Dataset records
___

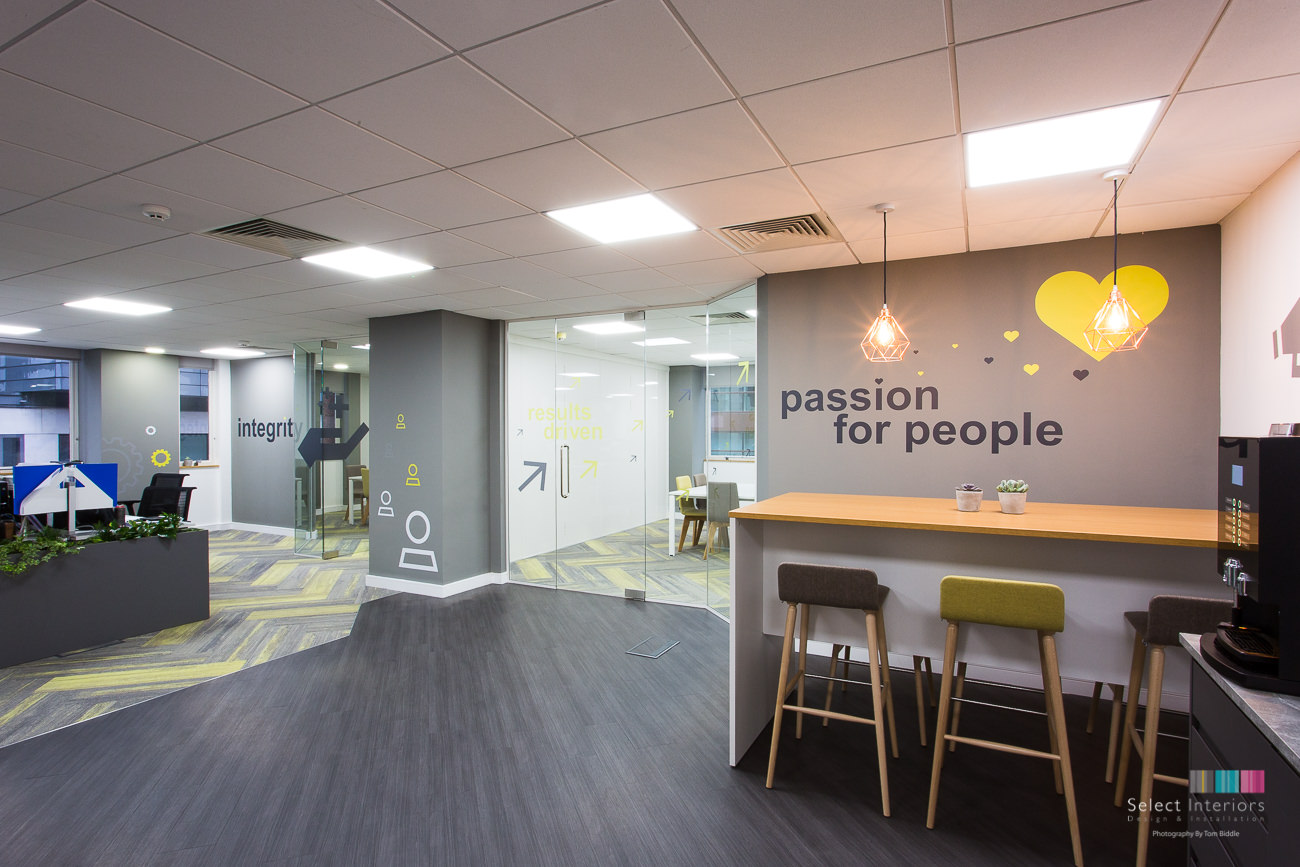 The project included full design, electrical, mechanical, AV equipment, flooring, decoration, bespoke setee. Boardroom tables, seating, graphics & internal planting scheme. Completed over a 3 week fit out programme with 4 weeks to manufacture all the bespoke furniture.
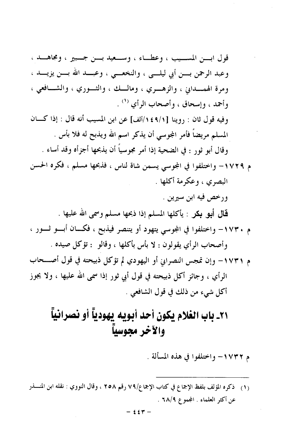 م 1730 - واختلفوا في المجوسي يتهود أو يتنصر فيذبح، فكان أبو ثور، وأصحاب الرأي يقولون: لا بأس بأكلها، وقالو: تؤكل صيده.
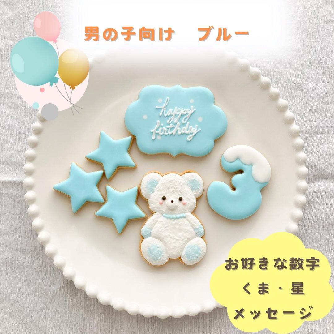 - お誕生日クッキー〈くまさん〉 ブルー merry.cooking【数字:3】 272183_DD003VC03
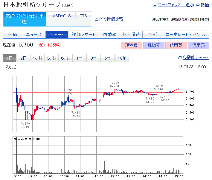 日本取引所グループ 信用買い +20,000円 【感想】空売りの利確一巡後、一気に買いに入りました
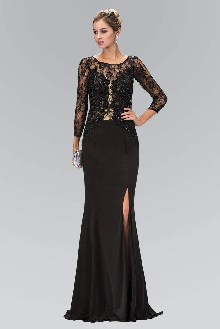 Get ready for everyone to stop and stare when you show up in this evening dress by Elizabeth K GL1371. The dress features a beaded lace bodice, three quarter sleeves, bateau neckline, open back and a sheath silhouette jersey skirt with side slit. Be in this gorgeous Elizabeth K creation and leave a lasting impression!
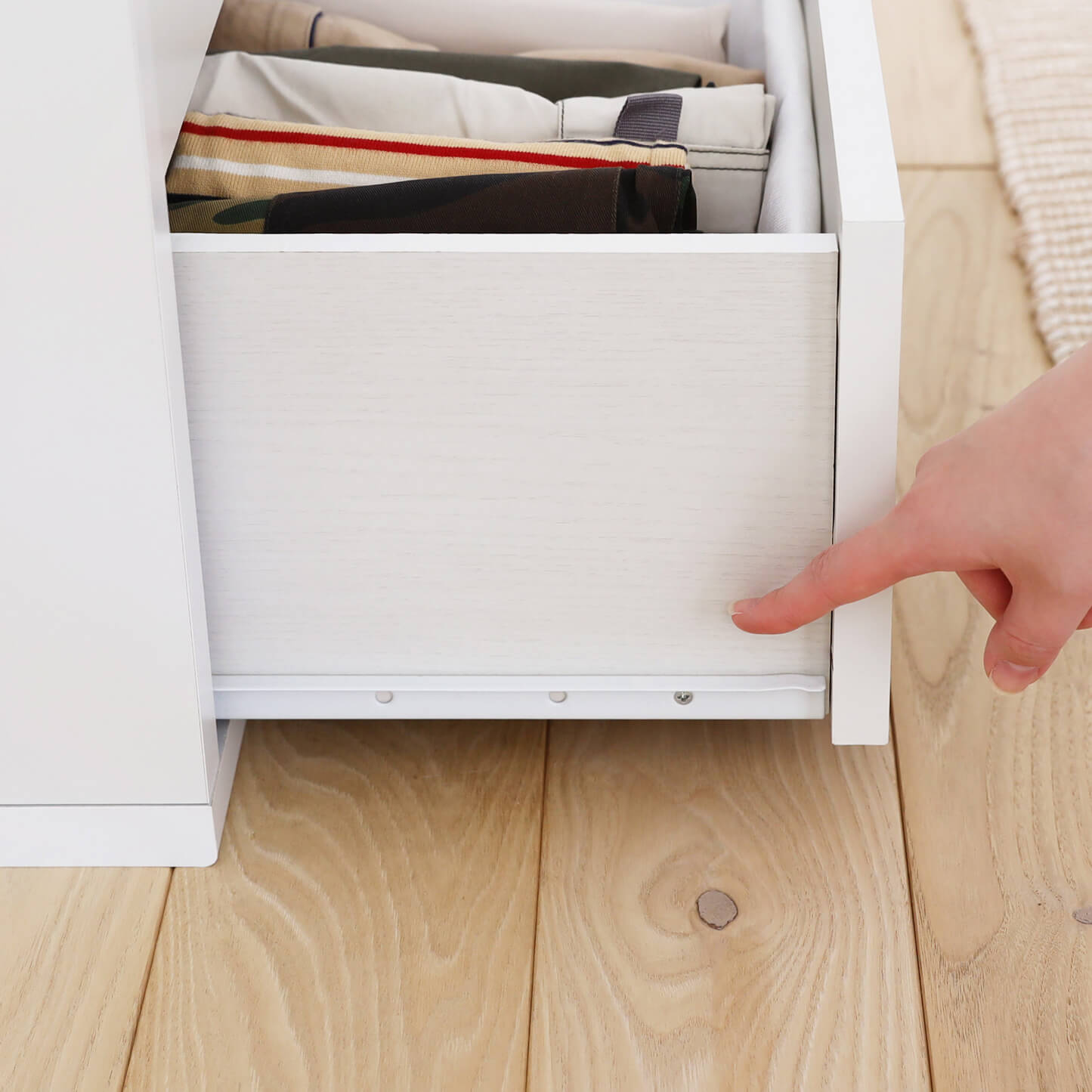 引き出しの上段は深さ8.8cm。畳むと小さくなる肌着や靴下の収納におすすめです。
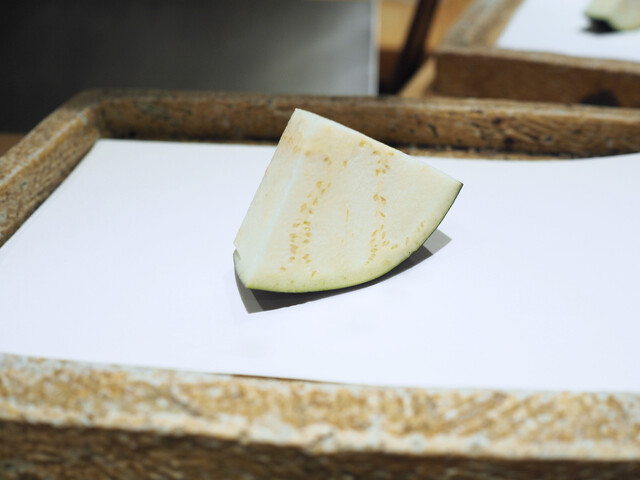 焼津の太刀魚。塩と酢橘でいただくようにご案内がある。とろけるような素晴らしさ。これをいただいた瞬間、こころのこわばりが一気に溶けてほどける。
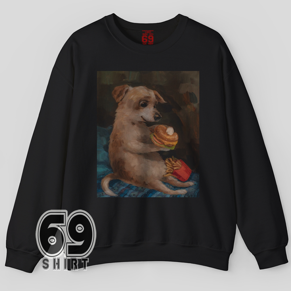 The blend of fine-art charm and modern humor makes this tee a standout conversation piece. Whether you’re a dog lover, burger fan, or just appreciate quirky, creative fashion, this shirt delivers personality in every thread.
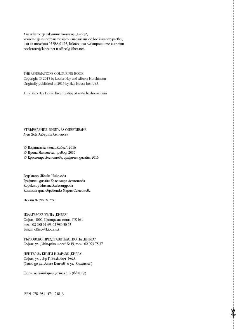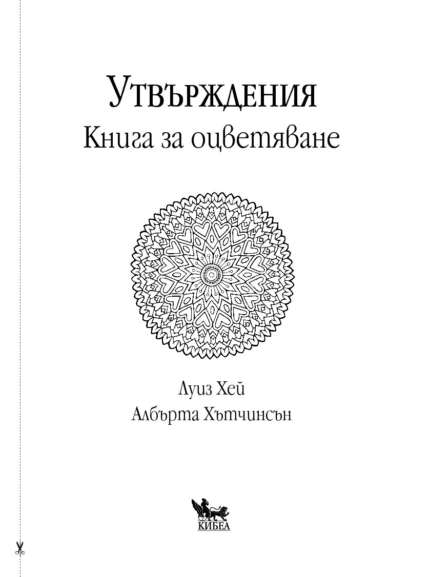 Много съм развълнувана от съвместния ни труд с Албърта Хътчинсън. От дете обичам книжките за оцветяване. Съчетанието между прекрасните утвърждения, които аз използвам всеки ден, и красивите рисунки на Албърта ми донесе огромно удоволствие. Казано най-просто, утвърждение е всяко нещо, което мислим или изричаме. Много от нещата, които хората обикновено мислят и говорят обаче, са доста негативни и не водят до положителни преживявания. Ако искаме да изцелим живота си, трябва да променим модела и да се приучим да мислим и говорим положително.

___

→ **Activity**
With pictures omitted, repeat the entries above word for word from the line holding "焼津の太刀魚。塩と酢橘でいた" down to the line holding "The blend of", keeping both of those lines.

→ **Your response**
 焼津の太刀魚。塩と酢橘でいただくようにご案内がある。とろけるような素晴らしさ。これをいただいた瞬間、こころのこわばりが一気に溶けてほどける。
 The blend of fine-art charm and modern humor makes this tee a standout conversation piece. Whether you’re a dog lover, burger fan, or just appreciate quirky, creative fashion, this shirt delivers personality in every thread.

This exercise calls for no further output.